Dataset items
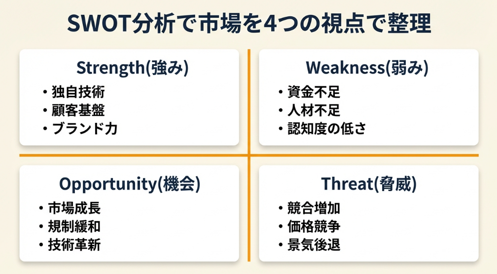 【なぜ効くのか】市場分析は情報が膨大で、どこまで調べればいいか迷いがちです。SWOT分析は4つの観点に絞ることで、必要最低限の情報だけを整理でき、読み手にも伝わりやすくなります。
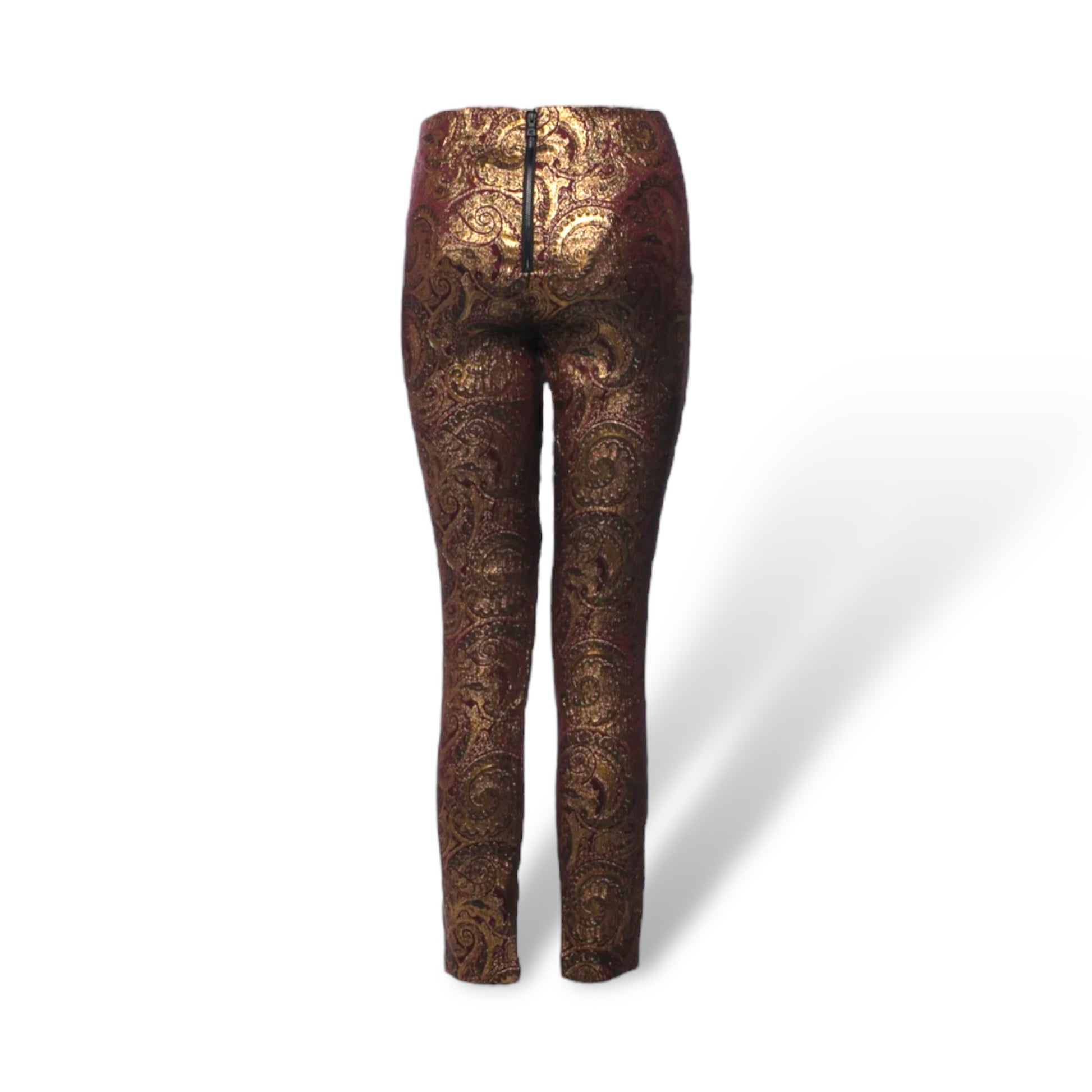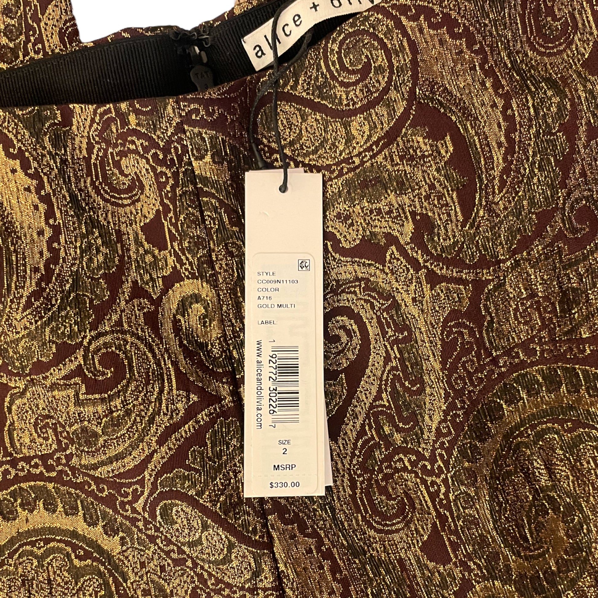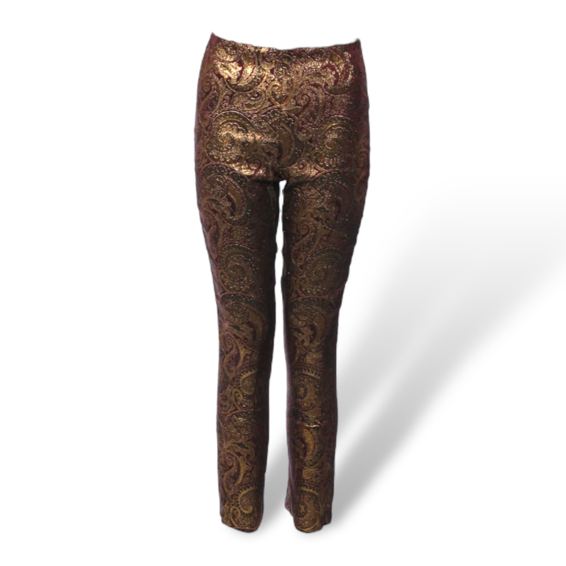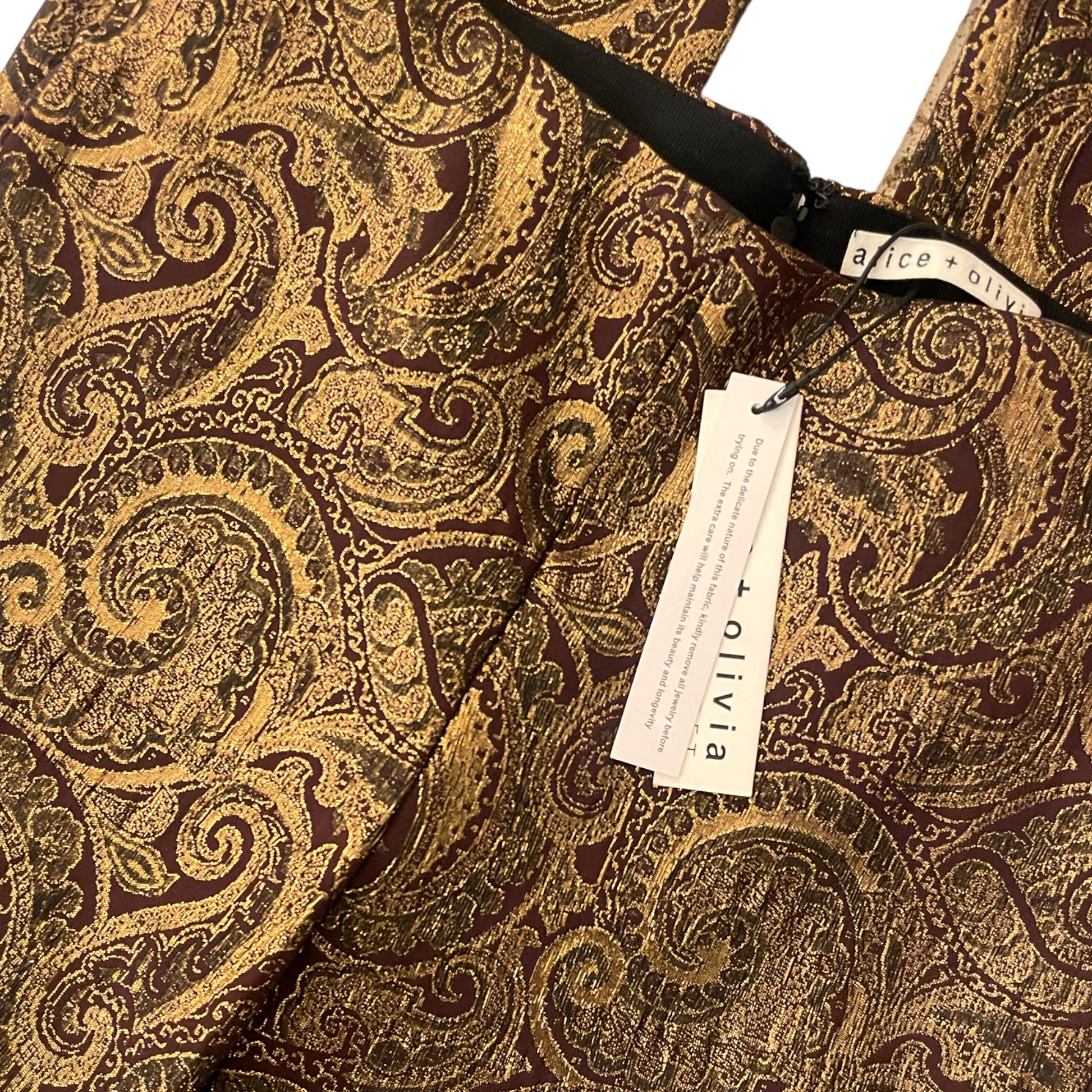 Alice + Olivia Gold Lamè Paisley Printed Straight Leg Pants |Size: 2|
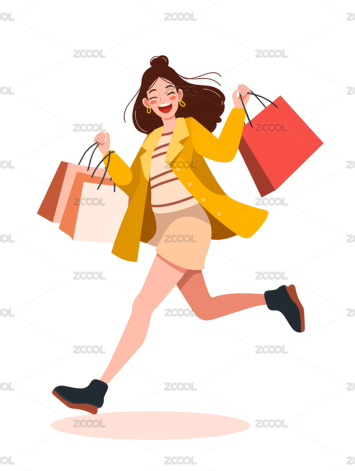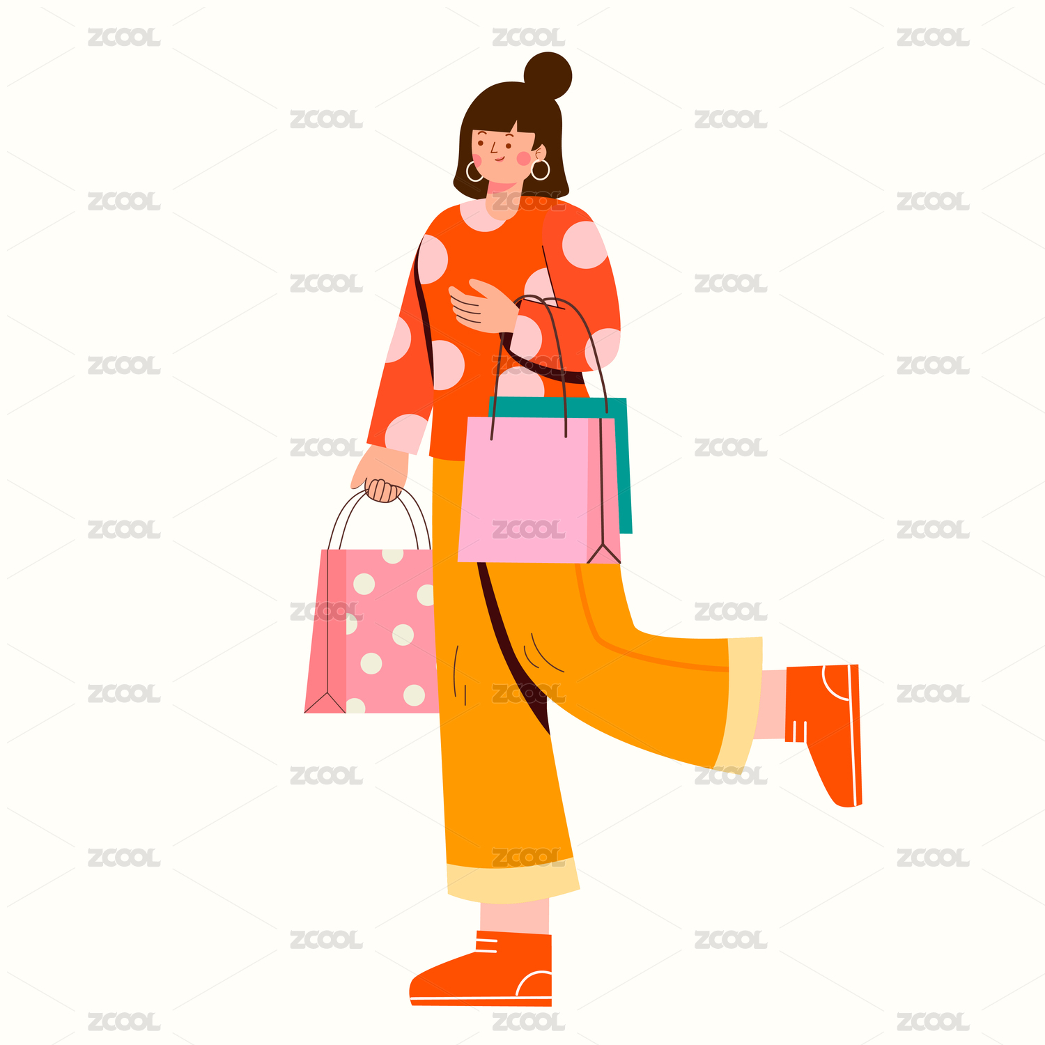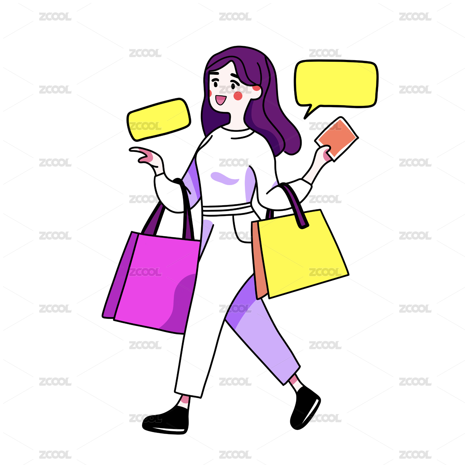 购物,逛街,购物狂,欢乐,商场,买手,购物袋,女孩,卡通,简笔画
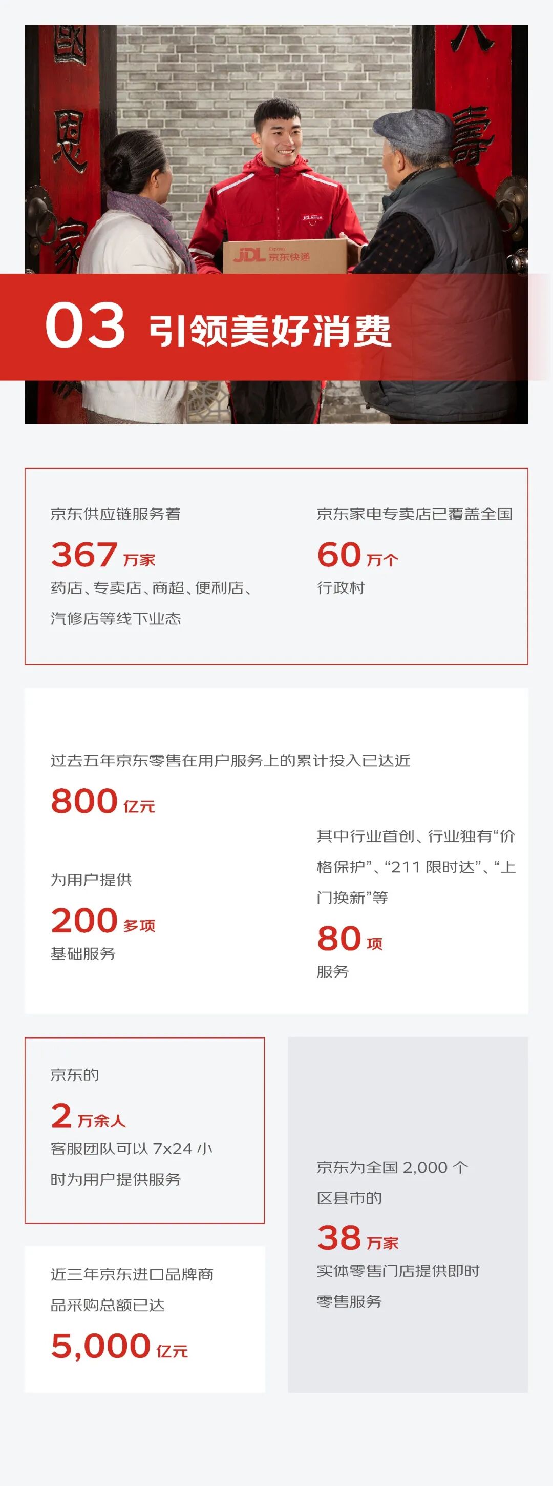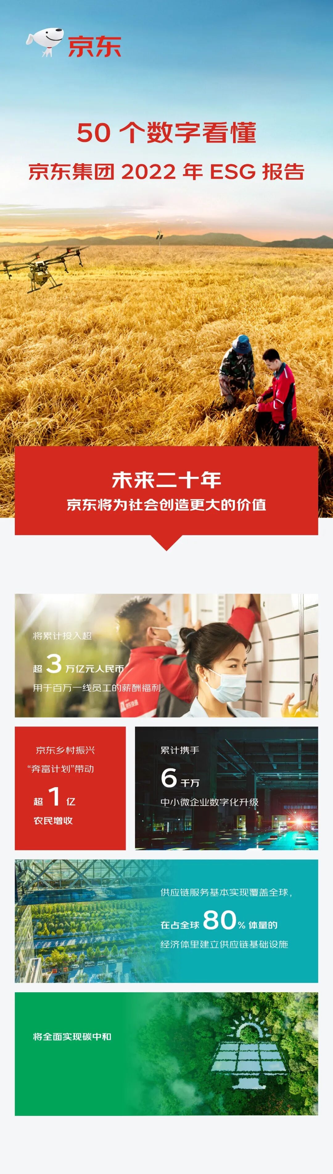 在实现这一梦想的同时,京东集团将在未来二十年创造更大的社会价值:将累计投入超3万亿元人民币用于百万一线员工的薪酬福利;京东乡村振兴“奔富计划”带动超1亿农民增收;累计携手6千万中小微企业数字化升级;京东的供应链服务基本实现覆盖全球,在占全球80%体量的经济体里建立供应链基础设施;并将全面实现碳中和。
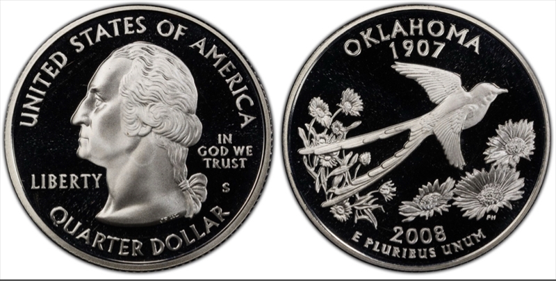 2008-S 25C Oklahoma Silver, DCAM PR70DCAM 认证号44973191, PCGS号39175
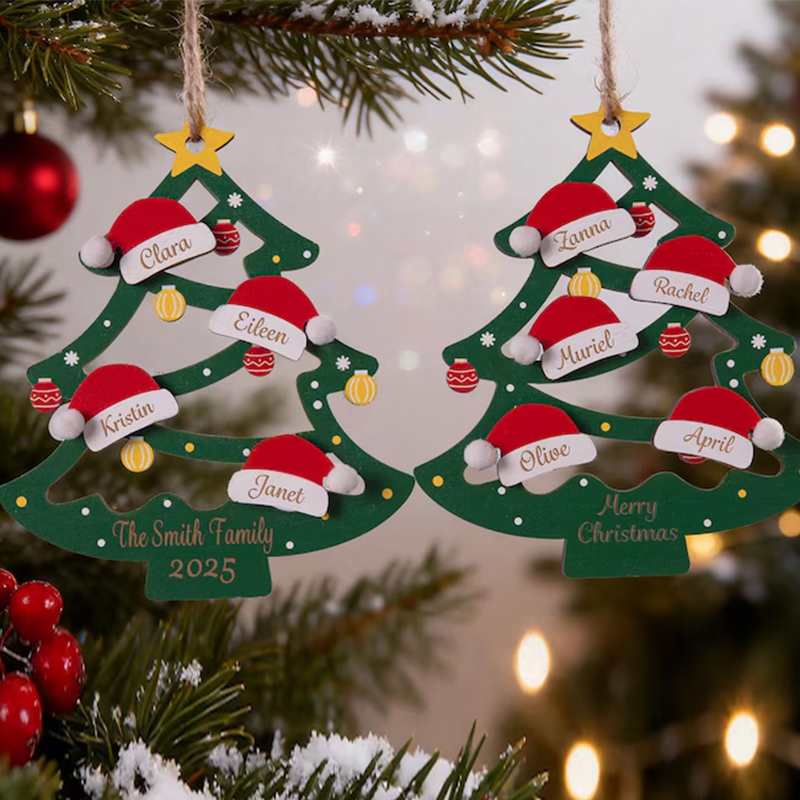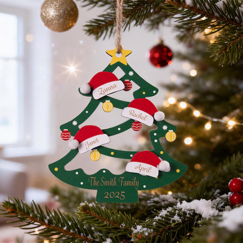 Personalized Family Tree Ornament 2025, Custom Family With Pet Ornament
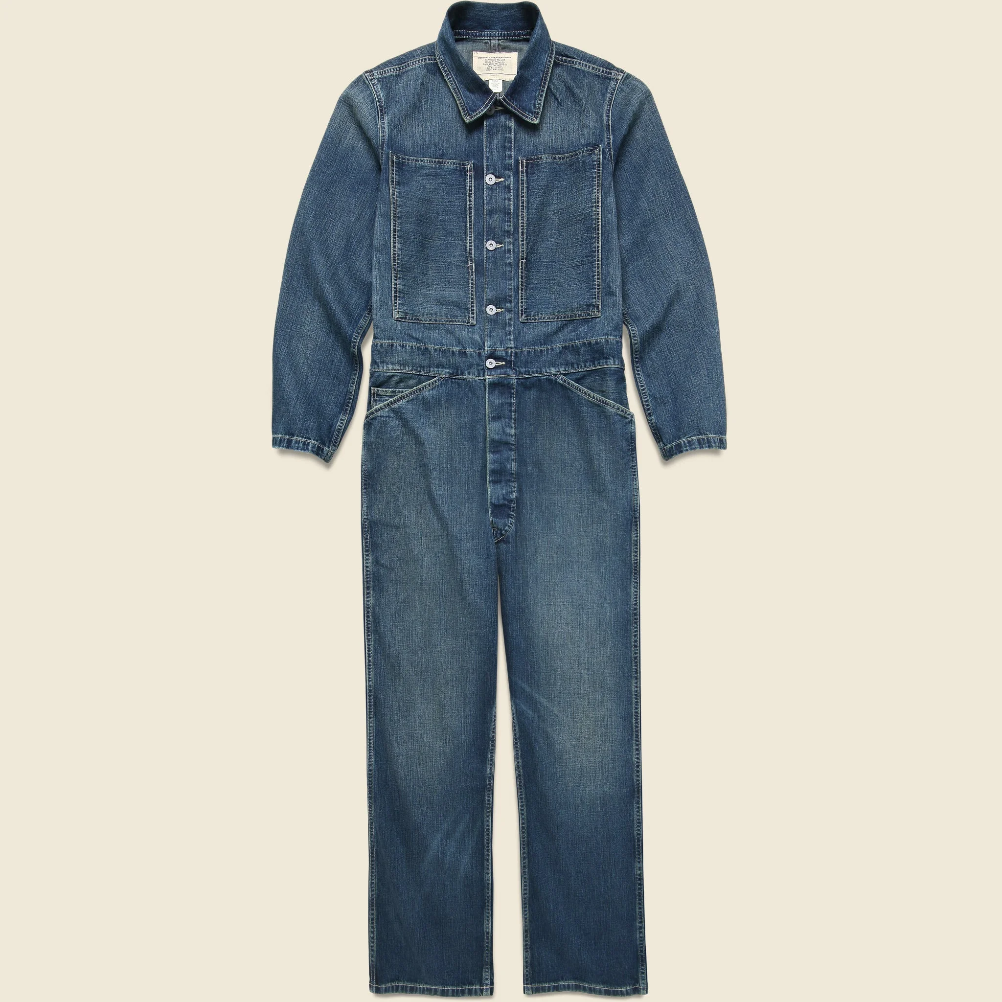 These Denim Coveralls from Double RL are made from a lightweight, 11oz Japanese cotton denim that’s been hand-distressed and specially tinted for a timeworn look and feel from the get. They’re tailored with a classic, relaxed-fitting silhouette that runs true to size and come detailed with American-made metal buttons, a pair of side-entry chest pockets, two front angled waist pockets, two back pockets, and a distressed metal button placket for an authentic, vintage finish. - Lightweight, 11oz Japanese cotton denim - Hand-distressed and specially tinted - Sanforized to minimize shrinkage - Distressed metal buttons - Two side-entry chest pockets - Two angled waist pockets - Adjustable buckled back - Two back patch pockets - Relaxed fit that runs true to size - We recommend taking your normal size Materials: 100% cotton The following measurements are for size Medium: Chest: 42” | Shoulder: 17” | Sleeve: 34” | Top Length: 22 ½” | Waist: 38” | Inseam: 30” | Thigh: 12” | Leg Opening: 18” | Rise: 16”
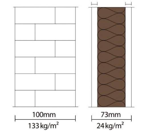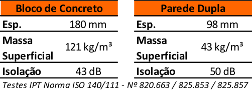 Como os ruídos se propagam através das paredes por meio de vibração, quanto maior for a massa superficial desta parede, maior será a isolação sonora proporcionada.
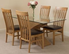 VALENCIA OAK 160CM GLASS DINING TABLE & 4 HARVARD OAK CHAIRS
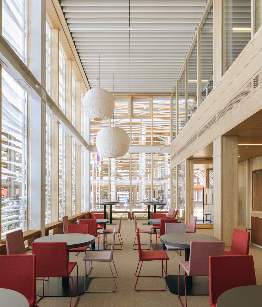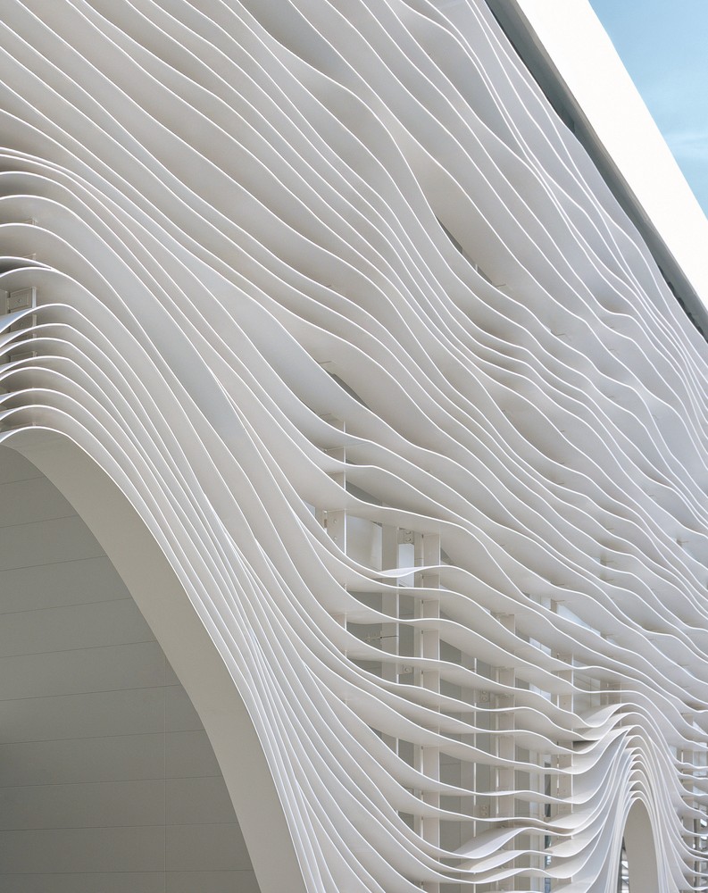 The pavilion consists of two volumes: the event space on one side, and the experience, shop and café on the other, that together support the sphere and the roof. This refers to the “common ground” concept of the pavilion.
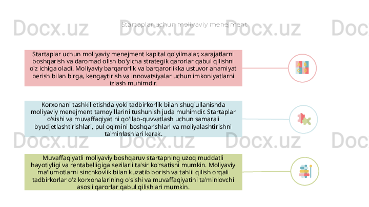 ta'minlashlari kerak.Startaplar uchun moliyaviy menejment kapital qo'yilmalar, xarajatlarni
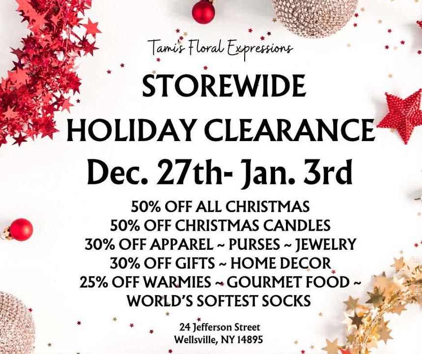 Tami’s Floral Expressions is inviting shoppers to celebrate the season with major savings during its Storewide Holiday Clearance, running December 27 through January 3 at its downtown Wellsville location.

WORK ITEM >> The response is to contain exactly the lines from the beginning of the data through the line containing "Personalized Family Tree", both ends included, and nothing else; omit the pictures.

RESPONSE TO THIS EXERCISE >>
 【なぜ効くのか】市場分析は情報が膨大で、どこまで調べればいいか迷いがちです。SWOT分析は4つの観点に絞ることで、必要最低限の情報だけを整理でき、読み手にも伝わりやすくなります。
 Alice + Olivia Gold Lamè Paisley Printed Straight Leg Pants |Size: 2|
 购物,逛街,购物狂,欢乐,商场,买手,购物袋,女孩,卡通,简笔画
 在实现这一梦想的同时,京东集团将在未来二十年创造更大的社会价值:将累计投入超3万亿元人民币用于百万一线员工的薪酬福利;京东乡村振兴“奔富计划”带动超1亿农民增收;累计携手6千万中小微企业数字化升级;京东的供应链服务基本实现覆盖全球,在占全球80%体量的经济体里建立供应链基础设施;并将全面实现碳中和。
 2008-S 25C Oklahoma Silver, DCAM PR70DCAM 认证号44973191, PCGS号39175
 Personalized Family Tree Ornament 2025, Custom Family With Pet Ornament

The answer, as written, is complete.